AirbusNiedergangDankEnders

07.01.2014, 10:25 Uhr

Keine Überraschung das Airbus immer weiter an Boden verliert das wird sich noch mehr ausweiten. Anstatt sich um die Modernisierung der Flotte zu kümmern, beschäftigt sich Herr Enders nur noch damit das Headquarter in Frankreich zu stärken indem er Standorte in Deutschland und Spanien schließt. Somit wird aus dem einstigen internationalen Konzern wieder ein Französisch geprägter Konzern der mehr und mehr die Produktion nach Toulouse verlagern wird. Deutschland darf dann noch den A320 zusammenschrauben das war's. da wir aus anderen Branchen wissen das die Franzosen kein High Tec Land sind wird Airbus somit dauerhaft geschwächt. Zwar wird man mit dem A350WB ein sehr interessantes Flugzeug auf den Markt bringen das dann gegen den Dreamliner arbeitet, aber gegen B777X und B747 hat man kein Gegenstück entwickelt. Den A320 läßt man zudem in China fertigen, so das die dort die Technologie kopieren können und in Kürze mit einem eigenen Flugzeug auf den Markt gehen werden, was rein Zufällig dem A320 ähnelt.
Das Boeing bei den Ausschreibungen von der Unterstützung der USA profitiert ist bekannt, dann NSA kennt man eben nicht nur die Technologie von Airbus sondern auch die preise bei Angeboten, ist doch Merkwürdig das die immer unterboten werden konnten... Ein Deutscher ex Daimler Mann sorgt dafür das Airbus wieder französisch wird und dadurch massiv geschwächt wird.

Hans

07.01.2014, 11:17 Uhr

Airbus hat unter Enders auch richtig große A350 Arbeitsanteile bewusst in die USA vergeben. Ansonsten wurden wohl auch viel Arbeiten von DE in die weite Welt verlagert. Sobald Airbus und Boeing nicht mehr so viele Flieger in den Markt drücken können, werden die Verlagerungen erst sichtbar. Bisher könnte Airbus dies noch mit Wachstum verdecken.

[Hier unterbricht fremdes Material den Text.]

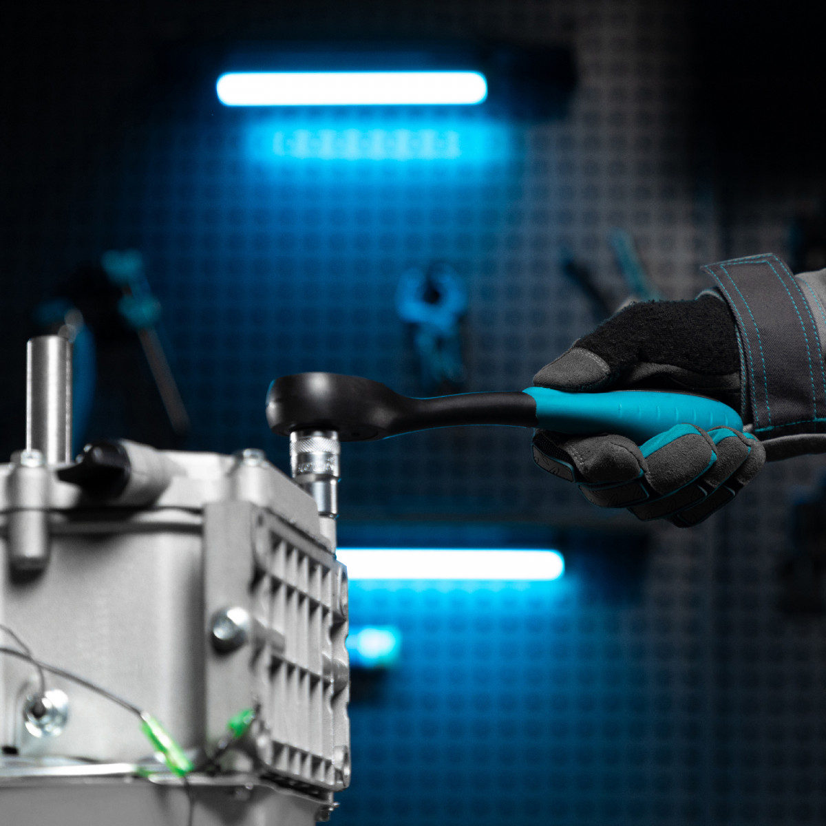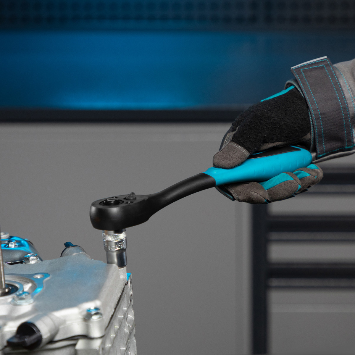 • Быстрый переход от монтажа к демонтажу — флажковый переключатель позволяет мгновенно изменить направление вращения храповика.

Der ganze Airbus Konzern ist eine Geisel der Französischen Politik. Auf deren grenzenlose Inkompetenz kann sich Boeing 100% verlassen. Die A380 Fertigungsprobleme und die Verzögerungen beim A350 sind Managementfehler gewesen. Die Franzosen stopfen auch super gerne die Airbus Fluggeräte mit Technik zu, die dann erst mit sehr langen Verzögerungen funktioniert, wenn die Konkurrenz schon aufgeschlossen oder gar davon gezogen ist.

Während Boeing bald den B787-9 in Massen produziert, wird Airbus den A350 nur in Homöopathischen Dosen ausliefern können. Unter Enders werden so welche Probleme alle weggejubelt. Ist ja so bequem, und steigert den Aktienkurs so schön. Bloß dass mit den Versprochenen Renditen wird dank des Nichtlieferns so nicht hinhauen. Bis die Aktionäre das merken, ist aber Enders schon längst weg.